Wednesday 3 October 2012

In which I sketch Alice

I love Alice in Wonderland - in fact, I prefer 'Alice Through The Looking Glass'.  I've not been very imaginative for my printmaking course so far - I've been making prints of things that exist in real life - so I thought I'd add in a print of something from my own imagination.

So I decided to do something about Alice and the Fawn from 'Looking Glass'.  Alice moves into the wood where creatures forget their names, and meets a fawn.  Neither of them can remember what they are, so it's only when they leave the wood that the fawn knows what it is, and that it should be frightened of humans. 

That passage has always struck me as something Edenic, with the loss of innocence of both Alice and the Fawn, as they realise humans and animals cannot live in harmony. 

I started out by sketching a fawn, from a picture in a nature book and some images of deer from “4,000 Animal, bird and fish motifs” by Graham Leslie McCallum.  I wanted Alice and the Fawn resting in the wood - even though they don't do that in the book, it gives them a little more time together?  So I tried to draw Alice reclining on the right of the fawn first.  It didn't work.  I'm not great at drawing human figures, so I lay down on the floor, hugged a cushion as though it were a fawn and got Mr P to take a photo that I could sketch from.


I didn't really like the design of this - Alice looks a bit clingy, and the overall shape is low and flat.  So I tried again, looking at the Tenniel drawings in my copy of 'Looking Glass' and trying to find one where Alice is kneeling.  I did, and adapted it so she's on the fawns's left.
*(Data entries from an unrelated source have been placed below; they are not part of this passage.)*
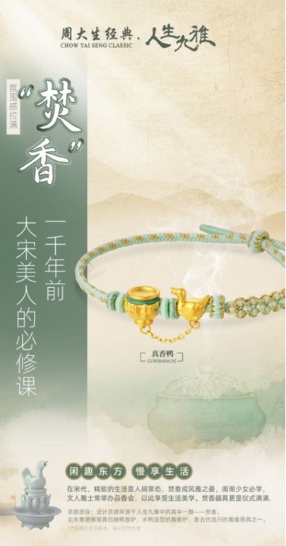 车轮缓缓向前,我们在一屋前停下,推开屋门,腕间那以景德镇窑青白釉香炉为设计灵感的周大生经典“真香鸭”串珠散发着淡雅幽香,弥漫于屋内。串珠采用5D硬金电铸工艺打造,在精巧设计之下,既显轻盈又觉大气,其造型与屋内摆放的水鸭造型的熏香炉别无两样。在熏香的朦胧氛围之下,我们仿佛窥见了宋朝的绝代佳人款款走来,感受到宋朝人充满诗意的日常起居,沉浸于一场跨越时空的风雅之约。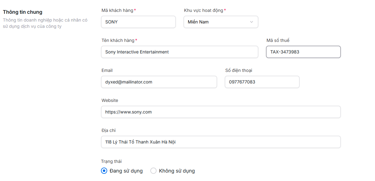 - Tên khách hàng (*): Tên doanh nghiệp hoặc đơn vị.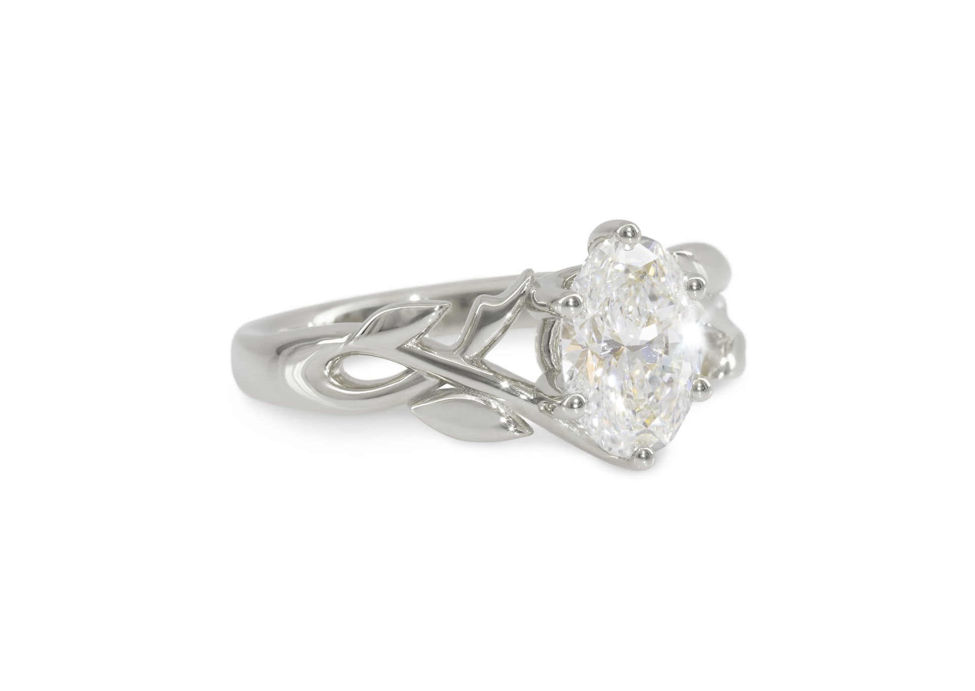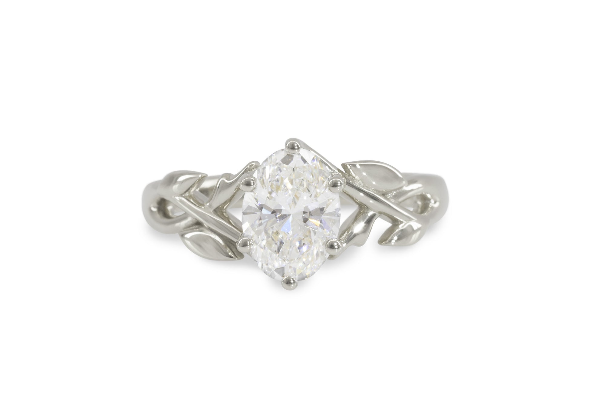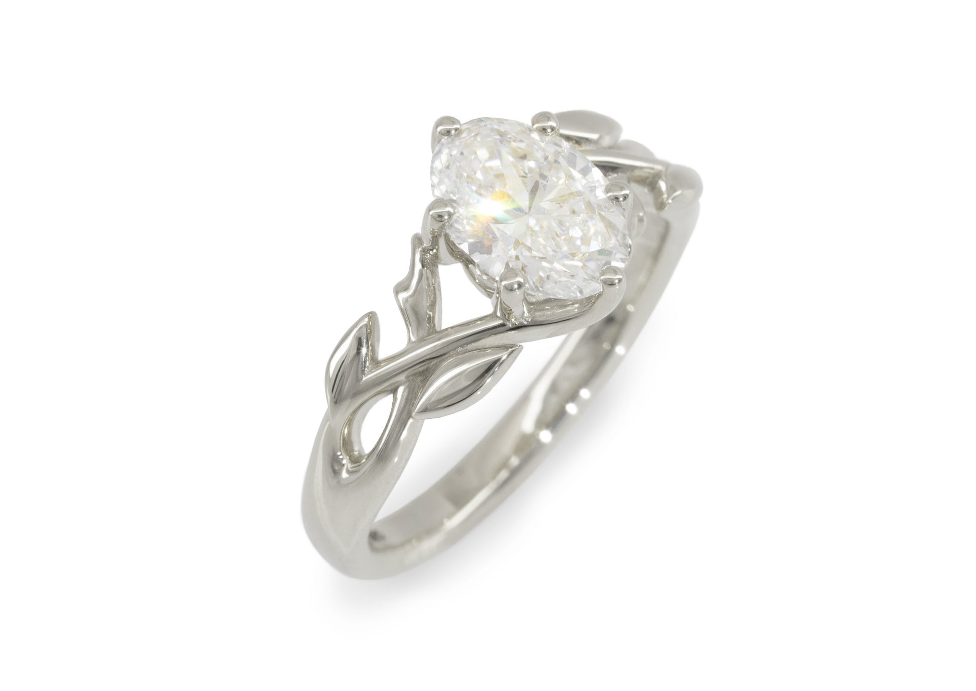 A white gold & platinum engagement ring featuring a 1.5-carat oval faceted lab-grown diamond set in a north–south orientation. Leaf and vine details complete the design, which pairs with the matching J3341 Vine Wedding Band.

Then I thought about background and colour.  I knew it had to have a limited palette if I were to do it as a print, I'm really only up to 3 colours at the moment!  I wanted the woods to be a bit dreamy and dark, so I went for blue, which is the traditional colour for Alice's dress.  I added a couple of bats because I like bats, I think they are friendly.


I took a pic, uploaded it to my computer and tinkered around with the colour.  I tried it as green, but I think I prefer it as blue.
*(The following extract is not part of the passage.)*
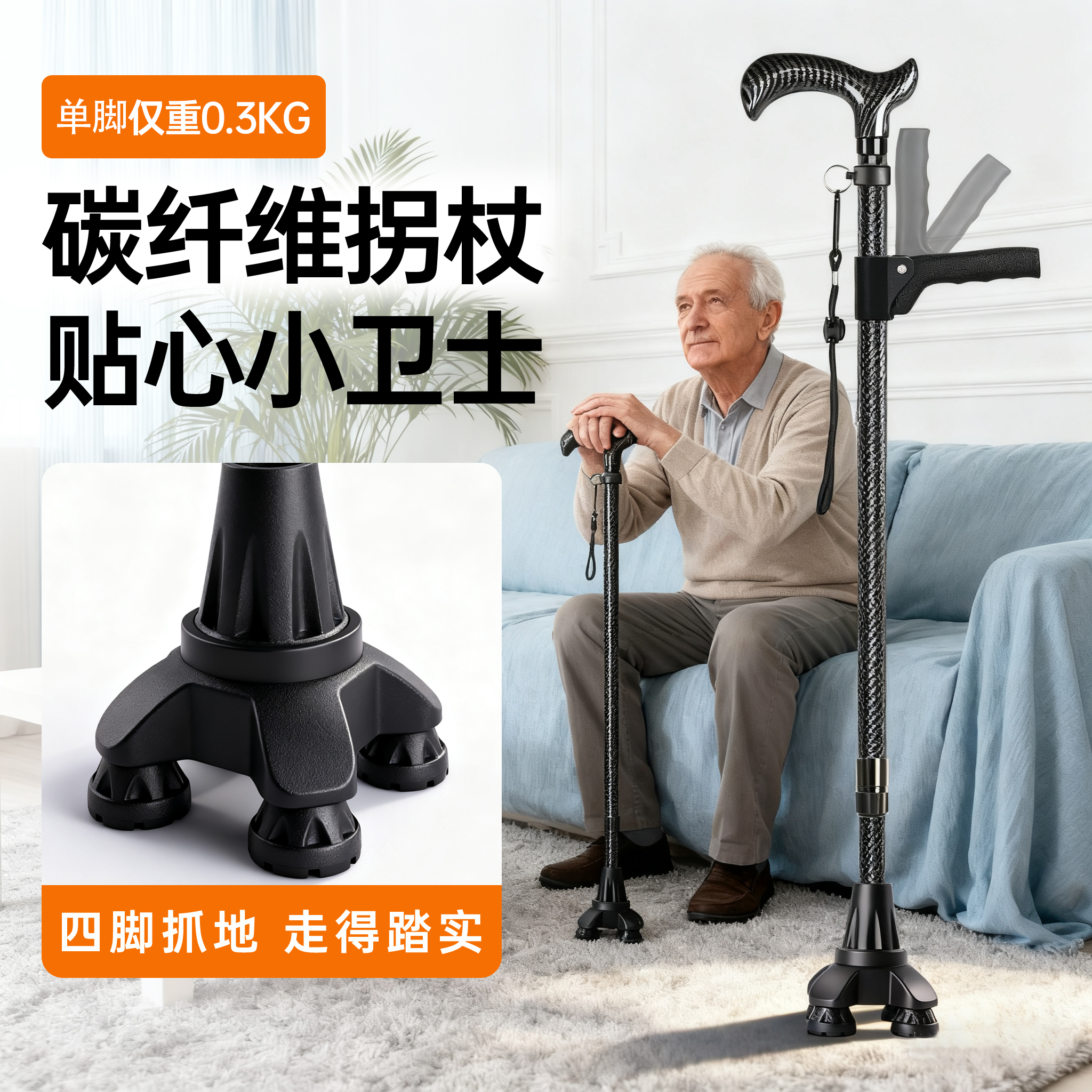 碳纤维四脚拐杖老人用防滑轻便可折叠可伸缩医用康复走路超轻手杖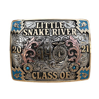The Idaho Graduation Buckle is a unique shaped silver plated buckle that looks awesome with its accents, figurines, and accomplishments in the corners. This custom buckle has a very unique look, and the custom lettering, and figurines can be changed to whatever you need. The shimmer of this buckle will catch your eye and is a great way to show off someone’s hard work, achievement, or personalization. This buckle measures 3.5" inches tall by 4.5" inches wide normally but we have different sizes available. The back of the buckle has a hook for your belt hole. It also has a swivel bar to attach to your belt.

So the next stage is to transfer the design onto lino and start cutting.  I want to try doing this as a reduction print, where I print the palest colour, then cut away more lino and reduce the surface as I print the darker colours.  But I think I'm going to have to do this with 2 pieces of lino, one for the dark blue and light blue, and one of the light fawn, dark fawn and black.  I don't think it would work laying the fawn over the blue or vice versa.

1 comment:

  1. Just lovely! I like the blue, too. Keep going, girl.